Transcribe the entries that follow, every word as written, and drop the pictures.

Items from a dataset
--- --- ---

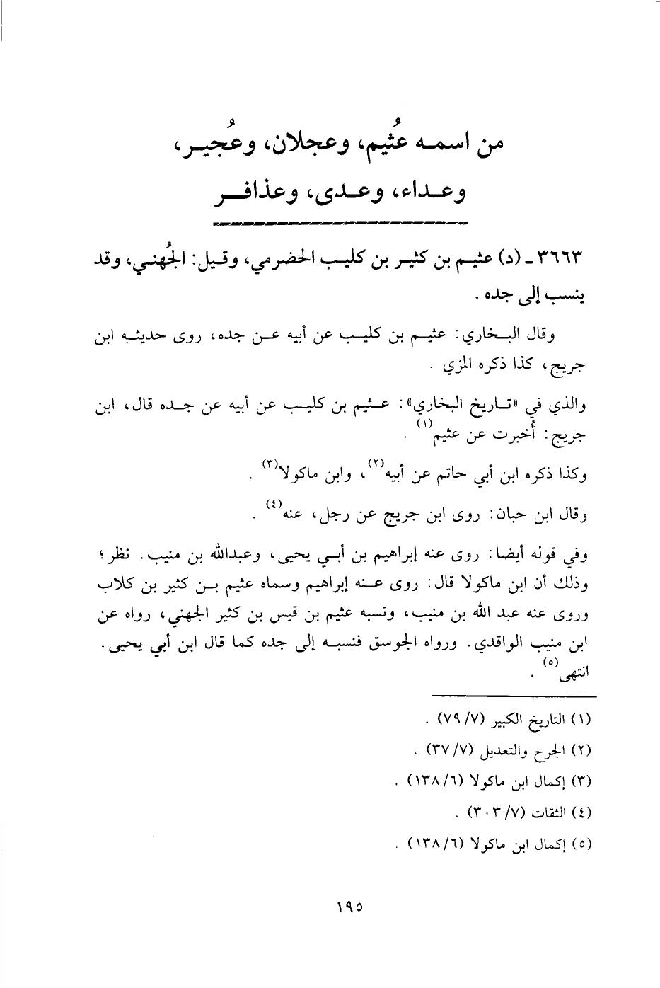 3663 - (د) عثيم بن كثير بن كليب الحضرمي، وقيل: الجهني، وقد ينسب إلى جده.
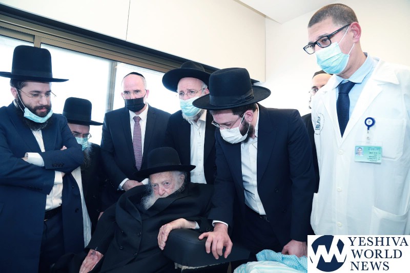 Earlier in the day, HaRav Kanievsky went to Sheba Hospital in Tel HaShomer in order to visit his son Rabbi Shlomo Kanievsky, who is hospitalized.
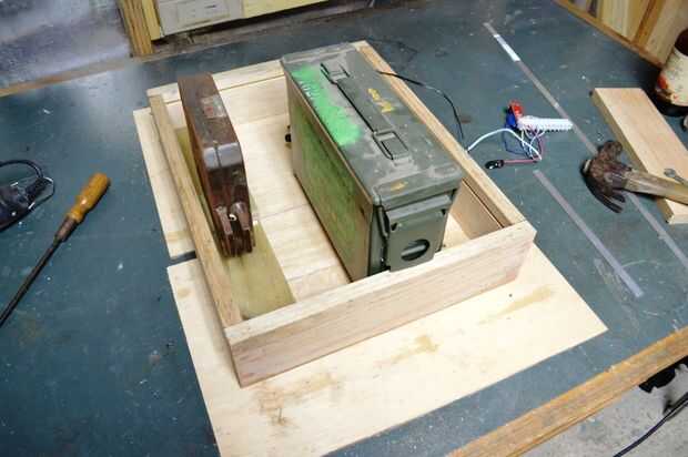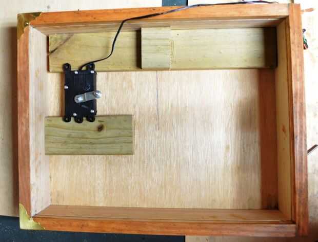 4. pegamento abajo un par de piezas de desecho de madera para montar el motor encendido y también añadir una pieza a lo largo de uno de los lados largos de la caja. Además de esto, otro pedazo de madera del pegamento pero hacerlo unos 40 mm de ancho. Esto es donde se sujetará el brazo principal para.
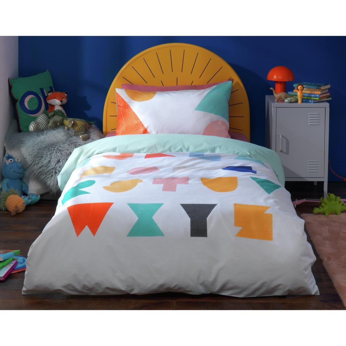 A to Zzzzz. Our bright and breezy alphabet print bed set is cute and playful. Brings a little colour into the kids bedroom too. The chunky font in cheerful shades is a great way to get them practicing their letters. Fancy a refresh? Just switch the duvet over for a pretty mint green. Two in one, that's clever. Made from polycotton, this duvet cover and pillowcase are the ideal mix of softness and durability. Lights out.
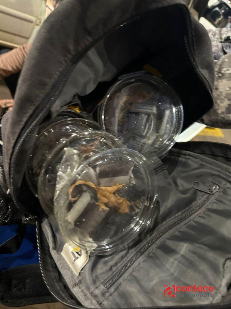 Receita Federal, Polícia Federal e Força Nacional encontram jacarés, lagartixas e cobras escondidos em mochilas
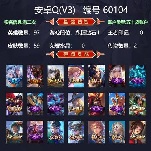 【DDT】安卓QQ374區59皮0水2傳說0無雙(可二次)V3!傳說造型:畫中仙干將莫邪,絳天戰甲鎧。限定造型:擒濤扼浪裴擒虎。史詩造型:鷹眼統帥狄仁傑,馭風魔法戈婭,玫瑰異探鏡,幽靈船長曹操,皇家上將趙雲,金屬風暴墨子,心靈戰警亞瑟,吟遊魔法明世隱,鬼劍武藏宮本武藏,乘風破浪夏侯惇,雲間偶戲元歌,火炮紳士黃忠,魅力維加斯妲己。
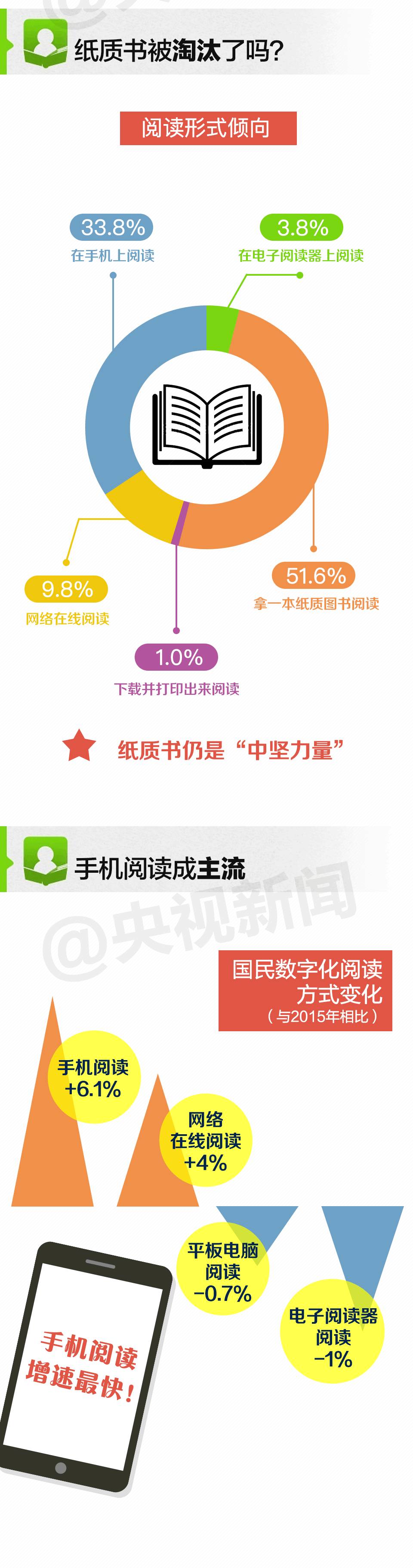 除了总体阅读量上的增长,这次调查还有一些数据值得一看。2016年全年,中国人的阅读情况出现了怎样的变化?往下刷,一图解读给你答案↓↓
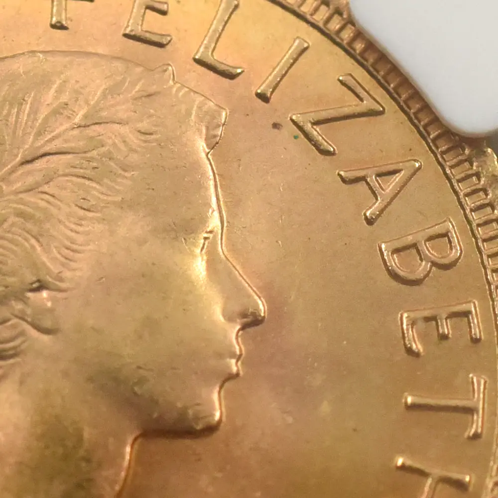 今回ご紹介させていただく作品の表面には、エリザベス2世の治世の幕開けを象徴する「ヤングヤング・エリザベス」が刻まれています。1950年代のロイヤルミントを牽引した女流コインデザイナー、メアリー・ギリックの独創性が光るこの作品は、20世紀の英国貨幣界を代表する屈指の大作として知られています。今回ご紹介させていただくコインの表面には、意気揚々たる趣きを湛えた若干25歳の女王の横顔が描写されており、若年にして英国を率いることになった女王の気概を感じ取ることができます。そしてコイン裏面に見られる「聖ジョージの竜退治」のデザインですが、19世紀初頭の英国貨幣界に君臨したイタリア人名彫刻家、ベネデット・ピストゥルッチ(1783年-1855年)入魂の力作として今日まで受け継がれてきた重要な作品です。馬上から悪の象徴であるドラゴンを退治する聖人の風格は、あらゆる苦難を乗り越えて国家を統治する君主の姿になぞらえることが可能かと思われます。エリザベス2世の治世と共に発行を開始したモダンコインの世界ですが、意外なことに女王の治世初期のコインに関しては各種カタログには掲載されているものの、近年のオークションを始めとする市場においては目にする機会自体がめっきり減ってしまったものも多く存在します。中でも1950年代に発行されたモダンコインの数々は、その稀少性において群を抜いています。当コインは1958年の作品ですが、モダンコインといえどもヴィンテージの風合いを醸し出す貴重な一枚でもあります。英国コインのファンが皆一様に憧れる「ヤングヤング・エリザベス」を掲げる当コインは、20世紀から21世紀にかけての英国に君臨した伝説の君主エリザベス2世の思い出に捧げられる、現代英国史の集約とも言える傑作です。
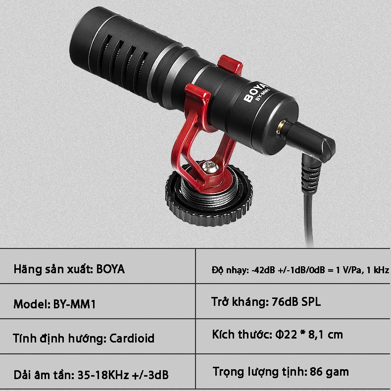 - Micro máy ảnh BOYA BY-MM1 có dải tần đáp ứng âm thanh rất rộng, từ 35Hz tới 18kHz, độ nhạy cao và hướng thu cardioid cho phép tái tạo âm thanh hoàn chỉnh.
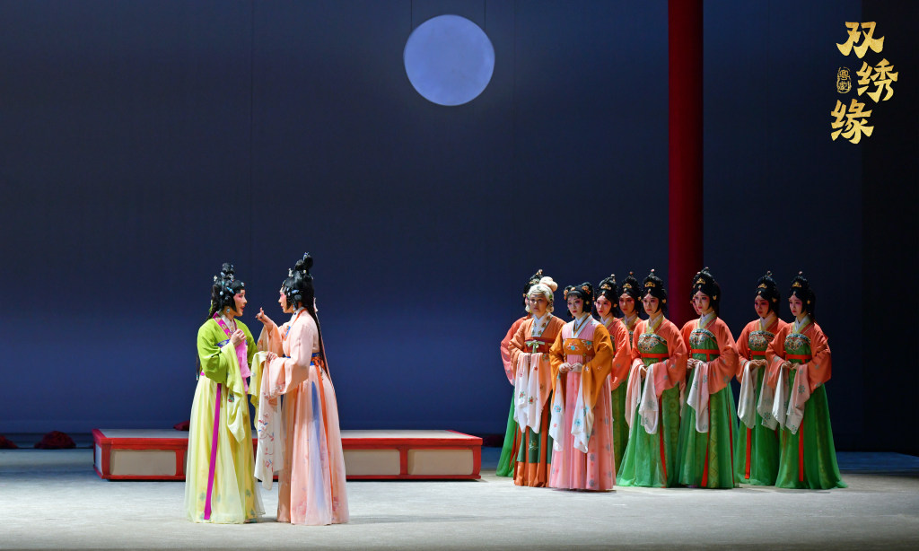 粤剧《双绣缘》以世界非遗粤剧为骨,以国家级非遗广绣为魂,通过双生双旦的叙事结构,将广绣技艺与粤剧程式融为一体,既有古典传奇机趣的延续,又有现代价值观念的传递,在唯美纯净精巧的舞台观演体验中呈现出新质的审美元素。
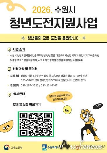 어웨이크뉴스 오경하 기자 | 수원시청소년청년재단 수원시청년지원센터는 취업 준비 과정에서 어려움을 겪고 있는 청년을 대상으로 ‘2026 수원시 청년도전지원사업’ 참여자 130명을 모집한다고 6일 밝혔다.
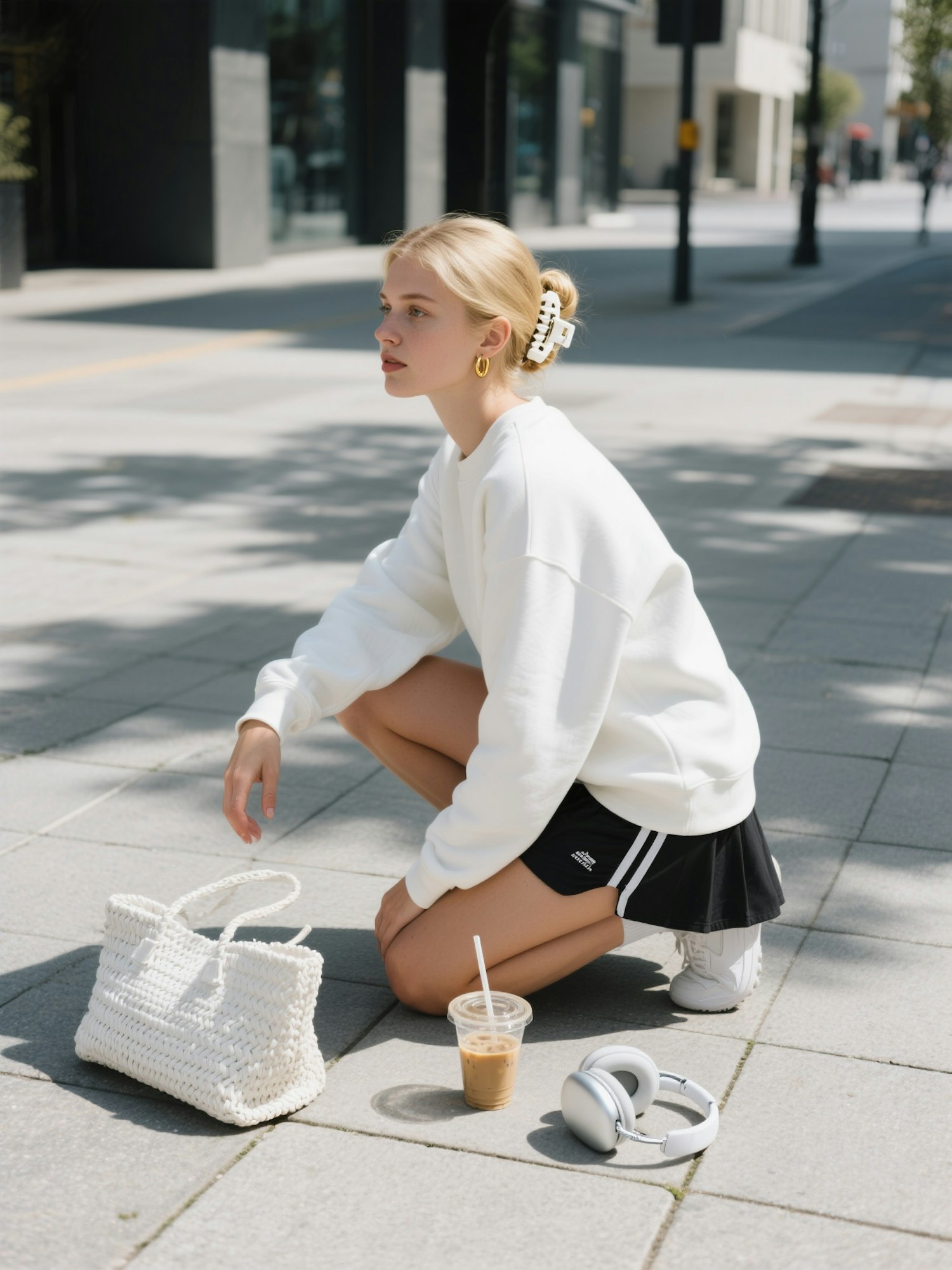 Street-style photograph of a young blonde woman crouching on a sunlit city sidewalk. She is wearing a plain white crewneck sweatshirt with long sleeves, minimalist design, no text, no logo. The sweatshirt has a casual, slightly loose fit in soft fabric. She is also wearing a short black tennis skirt, creating a sporty yet stylish look. Her hair is tied back in a neat bun secured with a large white claw clip, and she wears small gold hoop earrings. On the ground next to her are a white woven handbag, a plastic cup filled with iced coffee, and a pair of white headphones. The pavement is light grey stone with clean geometric lines, partially covered with soft tree shadows. Bright natural daylight, realistic photography, modern lifestyle aesthetic

--- --- ---

FINISHED TASK =>
 3663 - (د) عثيم بن كثير بن كليب الحضرمي، وقيل: الجهني، وقد ينسب إلى جده.
 Earlier in the day, HaRav Kanievsky went to Sheba Hospital in Tel HaShomer in order to visit his son Rabbi Shlomo Kanievsky, who is hospitalized.
 4. pegamento abajo un par de piezas de desecho de madera para montar el motor encendido y también añadir una pieza a lo largo de uno de los lados largos de la caja. Además de esto, otro pedazo de madera del pegamento pero hacerlo unos 40 mm de ancho. Esto es donde se sujetará el brazo principal para.
 A to Zzzzz. Our bright and breezy alphabet print bed set is cute and playful. Brings a little colour into the kids bedroom too. The chunky font in cheerful shades is a great way to get them practicing their letters. Fancy a refresh? Just switch the duvet over for a pretty mint green. Two in one, that's clever. Made from polycotton, this duvet cover and pillowcase are the ideal mix of softness and durability. Lights out.
 Receita Federal, Polícia Federal e Força Nacional encontram jacarés, lagartixas e cobras escondidos em mochilas
 【DDT】安卓QQ374區59皮0水2傳說0無雙(可二次)V3!傳說造型:畫中仙干將莫邪,絳天戰甲鎧。限定造型:擒濤扼浪裴擒虎。史詩造型:鷹眼統帥狄仁傑,馭風魔法戈婭,玫瑰異探鏡,幽靈船長曹操,皇家上將趙雲,金屬風暴墨子,心靈戰警亞瑟,吟遊魔法明世隱,鬼劍武藏宮本武藏,乘風破浪夏侯惇,雲間偶戲元歌,火炮紳士黃忠,魅力維加斯妲己。
 除了总体阅读量上的增长,这次调查还有一些数据值得一看。2016年全年,中国人的阅读情况出现了怎样的变化?往下刷,一图解读给你答案↓↓
 今回ご紹介させていただく作品の表面には、エリザベス2世の治世の幕開けを象徴する「ヤングヤング・エリザベス」が刻まれています。1950年代のロイヤルミントを牽引した女流コインデザイナー、メアリー・ギリックの独創性が光るこの作品は、20世紀の英国貨幣界を代表する屈指の大作として知られています。今回ご紹介させていただくコインの表面には、意気揚々たる趣きを湛えた若干25歳の女王の横顔が描写されており、若年にして英国を率いることになった女王の気概を感じ取ることができます。そしてコイン裏面に見られる「聖ジョージの竜退治」のデザインですが、19世紀初頭の英国貨幣界に君臨したイタリア人名彫刻家、ベネデット・ピストゥルッチ(1783年-1855年)入魂の力作として今日まで受け継がれてきた重要な作品です。馬上から悪の象徴であるドラゴンを退治する聖人の風格は、あらゆる苦難を乗り越えて国家を統治する君主の姿になぞらえることが可能かと思われます。エリザベス2世の治世と共に発行を開始したモダンコインの世界ですが、意外なことに女王の治世初期のコインに関しては各種カタログには掲載されているものの、近年のオークションを始めとする市場においては目にする機会自体がめっきり減ってしまったものも多く存在します。中でも1950年代に発行されたモダンコインの数々は、その稀少性において群を抜いています。当コインは1958年の作品ですが、モダンコインといえどもヴィンテージの風合いを醸し出す貴重な一枚でもあります。英国コインのファンが皆一様に憧れる「ヤングヤング・エリザベス」を掲げる当コインは、20世紀から21世紀にかけての英国に君臨した伝説の君主エリザベス2世の思い出に捧げられる、現代英国史の集約とも言える傑作です。
 - Micro máy ảnh BOYA BY-MM1 có dải tần đáp ứng âm thanh rất rộng, từ 35Hz tới 18kHz, độ nhạy cao và hướng thu cardioid cho phép tái tạo âm thanh hoàn chỉnh.
 粤剧《双绣缘》以世界非遗粤剧为骨,以国家级非遗广绣为魂,通过双生双旦的叙事结构,将广绣技艺与粤剧程式融为一体,既有古典传奇机趣的延续,又有现代价值观念的传递,在唯美纯净精巧的舞台观演体验中呈现出新质的审美元素。
 어웨이크뉴스 오경하 기자 | 수원시청소년청년재단 수원시청년지원센터는 취업 준비 과정에서 어려움을 겪고 있는 청년을 대상으로 ‘2026 수원시 청년도전지원사업’ 참여자 130명을 모집한다고 6일 밝혔다.
 Street-style photograph of a young blonde woman crouching on a sunlit city sidewalk. She is wearing a plain white crewneck sweatshirt with long sleeves, minimalist design, no text, no logo. The sweatshirt has a casual, slightly loose fit in soft fabric. She is also wearing a short black tennis skirt, creating a sporty yet stylish look. Her hair is tied back in a neat bun secured with a large white claw clip, and she wears small gold hoop earrings. On the ground next to her are a white woven handbag, a plastic cup filled with iced coffee, and a pair of white headphones. The pavement is light grey stone with clean geometric lines, partially covered with soft tree shadows. Bright natural daylight, realistic photography, modern lifestyle aesthetic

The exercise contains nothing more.